## Supplied material:
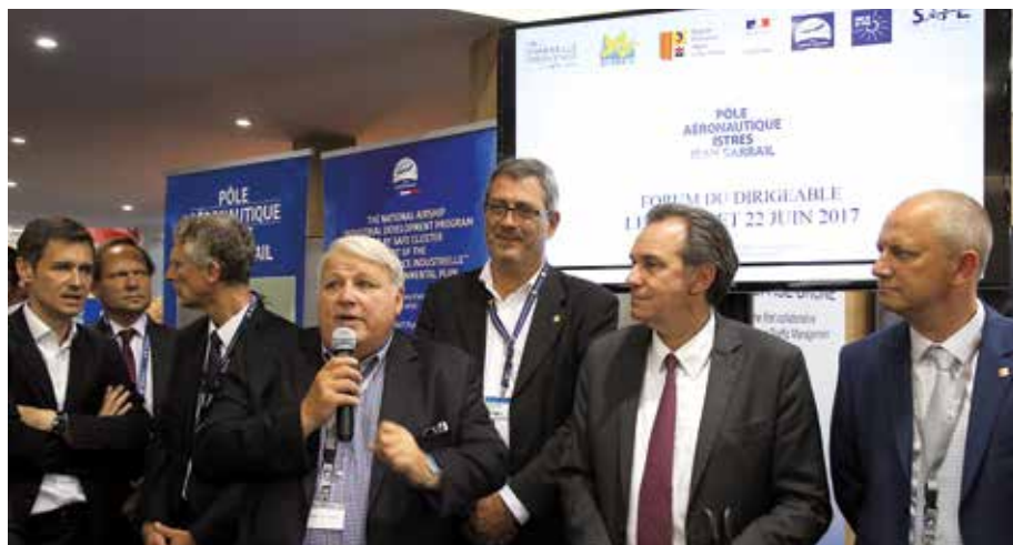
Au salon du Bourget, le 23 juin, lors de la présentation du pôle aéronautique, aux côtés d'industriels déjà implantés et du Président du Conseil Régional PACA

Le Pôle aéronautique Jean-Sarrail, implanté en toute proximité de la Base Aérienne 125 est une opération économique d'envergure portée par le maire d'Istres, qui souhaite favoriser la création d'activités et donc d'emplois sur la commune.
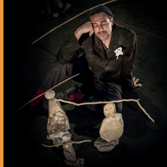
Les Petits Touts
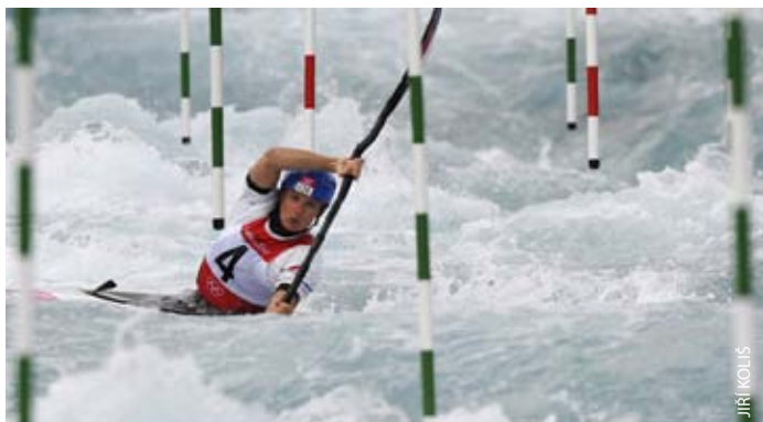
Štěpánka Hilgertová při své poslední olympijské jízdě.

---

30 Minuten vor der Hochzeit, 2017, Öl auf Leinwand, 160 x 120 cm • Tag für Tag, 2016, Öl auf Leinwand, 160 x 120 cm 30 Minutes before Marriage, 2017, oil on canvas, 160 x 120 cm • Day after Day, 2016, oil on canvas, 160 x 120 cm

## Task to carry out:
All pictures are to be skipped. Output, word for word, the lines in the data above starting at the line containing "Au salon du" and ending at the line containing "Štěpánka Hilgertová při".

## Response area:
Au salon du Bourget, le 23 juin, lors de la présentation du pôle aéronautique, aux côtés d'industriels déjà implantés et du Président du Conseil Régional PACA

Le Pôle aéronautique Jean-Sarrail, implanté en toute proximité de la Base Aérienne 125 est une opération économique d'envergure portée par le maire d'Istres, qui souhaite favoriser la création d'activités et donc d'emplois sur la commune.
Les Petits Touts
Štěpánka Hilgertová při své poslední olympijské jízdě.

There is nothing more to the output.